Although the estrogen levels are similar in the patch and the pill, the hormones in a pill must be processed through the intestinal tract before they enter the blood stream. Hormones in the patch, on the other hand, go directly into the bloodstream.

Dr. Sidney Wolfe, director of Public Citizen’s Health Research Group, a consumer advocacy organization founded by Ralph Nader, said that the deaths and high rate of clots are “worrisome” and should be investigated.

“These days, more often than not the problems with a drug show up after they’re approved,” he said.

But Dr. Daniel Shames, the FDA’s director of the Division of Reproductive and Urological Drug Products, who approved the agency’s medical review, said he has reviewed cases of women who died using the patch and saw no cause for alarm.

“We think the death rate here is of concern, but it’s not different than what we expect,” he said. “As of right now we still believe there’s nothing that would precipitate our doing anything additional to follow up on these reports.”

And other doctors who prescribe the patch warned that women should not overreact to news of deaths. It is more risky to remove the patch and become pregnant, several pointed out.

‘You can use a patch safely’

Dr. Philip Darney, a professor of obstetrics and gynecology at the University of California, San Francisco, and a leading contraceptive researcher, cautioned that the FDA’s adverse event reports tend to be inflated for newer products like the patch.

Patients and doctors are more likely to contact the FDA when they have a bad reaction to a new drug than for something that has been on the market for a long time, he said. In addition, women using the patch are likely to either be new to hormonal birth control or have reacted poorly to the pill and are looking for a change. The result is that the pool of women using the patch are at higher risk than birth control users at large.

He tells patients, “If you can use a pill safely, you can use a patch safely, and we’re going to know a lot more later as more women use patches,” he said.

Ortho McNeil recommended that the AP speak to two doctors, Dr. Hilda Hutcherson, co-director of the NY Center for Women’s Sexual Health and a professor at Columbia University Medical Center, and Dr. Vanessa Cullins, vice president of medical affairs at Planned Parenthood Federation of America. Both doctors have served in the past as paid advisers to Ortho McNeil.

Hutcherson said the risks of blood clots from hormones are well known, and that “what has happened with the patch is consistent.”
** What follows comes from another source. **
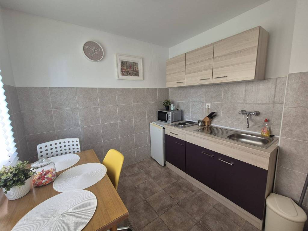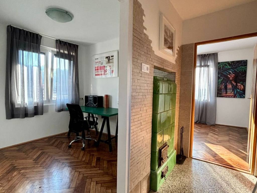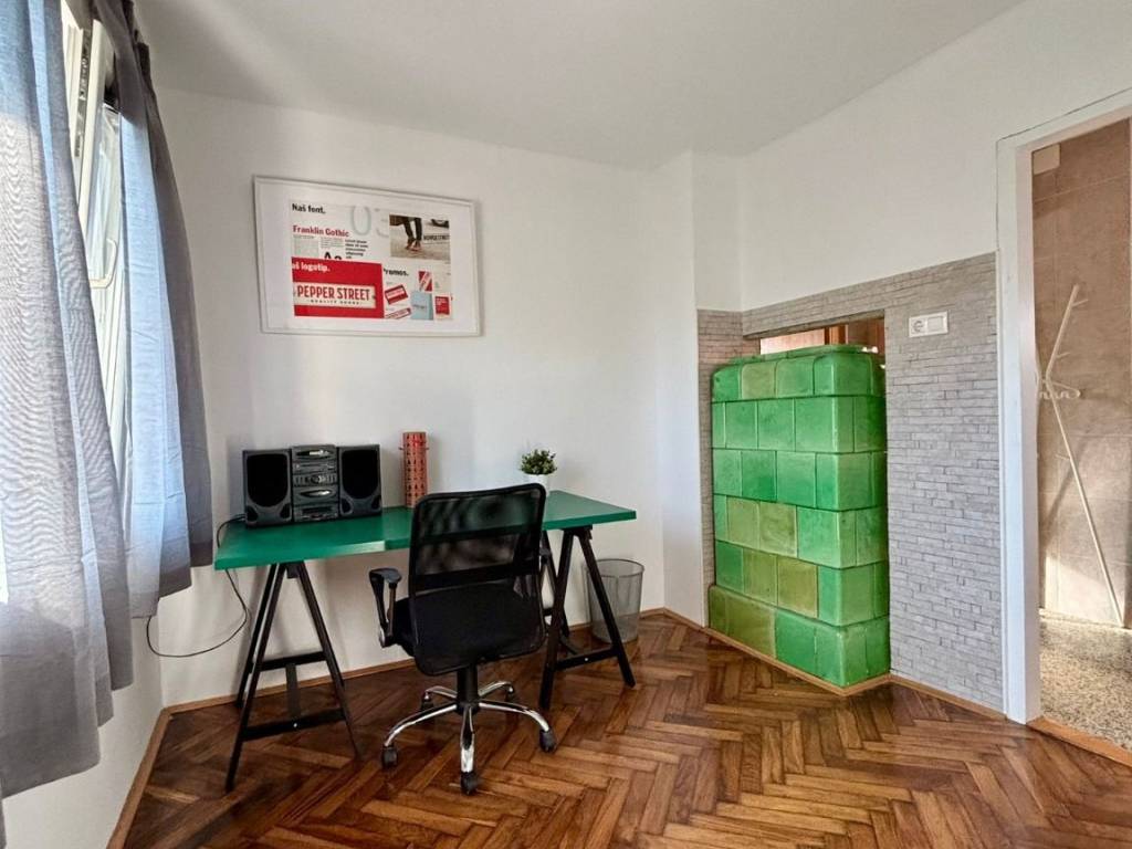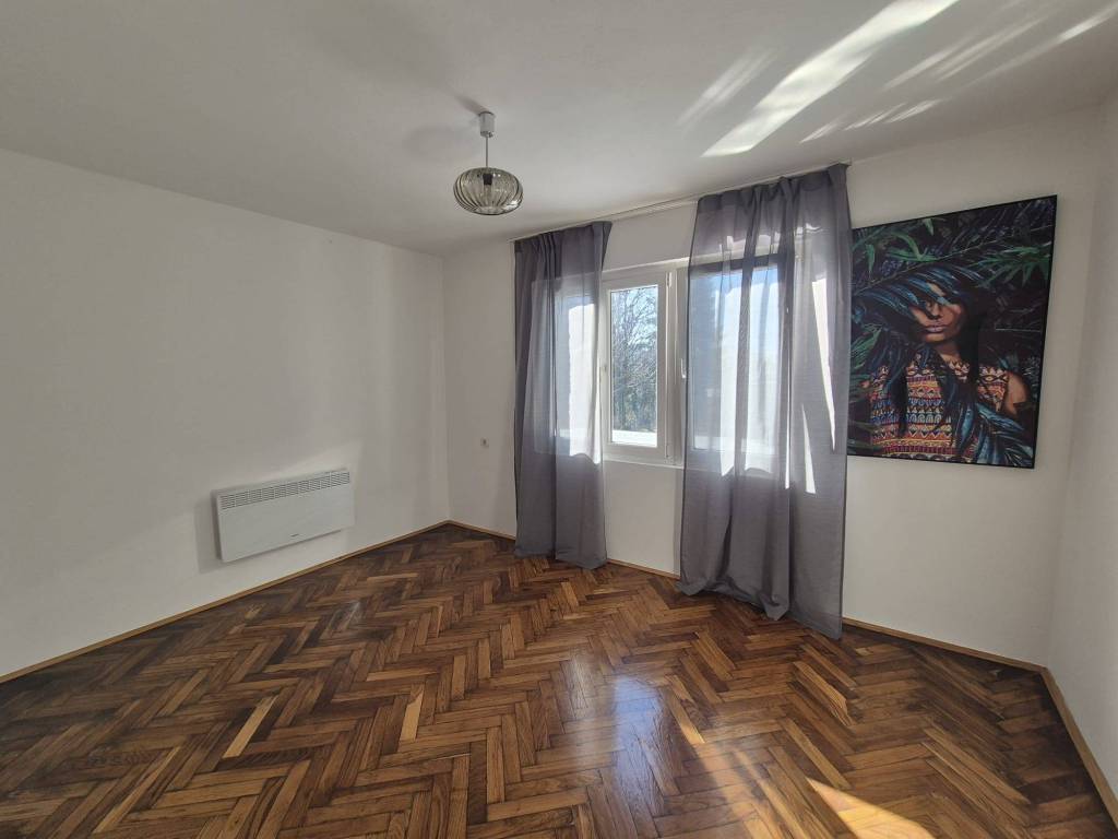 Kuća se sastoji od kuhinje s blagovaonicom, dvije sobe i kupaonice. Električno grijanje, PVC prozori, peć na drva. Mogućnost najma nenamješteno ili namješteno, parkirno mjesto u dvorištu. Nalazi se u Gračanima blizu tramvajske stanice br. 15 i autobusne stanice na Gračanskoj cesti. Polog 900 Eur. Agencijska provizija 1 najamnina.

Cullins said she did her own comparison of data for the pill and patch and found the patch is safer than expected.

“My research was to determine whether or not the expected number of deaths from the pill was lower than what was seen with the number of deaths reported with Ortho Evra. I found the opposite,” said Cullins, who has done research, consulted for and been a speaker for Ortho McNeil and other drug companies.

Cullins said she reviewed the deaths looking at “women years” rather than current users. Women years is a measure that takes into account that different people use a particular contraceptive for different periods of time. For example, if three women each used a patch for four months, that would count as one woman year rather than three current users.

Cullins reviewed patch users from 2002, when the patch came on the market, until late 2003. For that period, Cullins said she would have expected 22 deaths and found only 6.

The AP reviewed the deaths looking at both women years and current users, but used more recent data, focusing on 2004 when the patch had been much more widely adopted.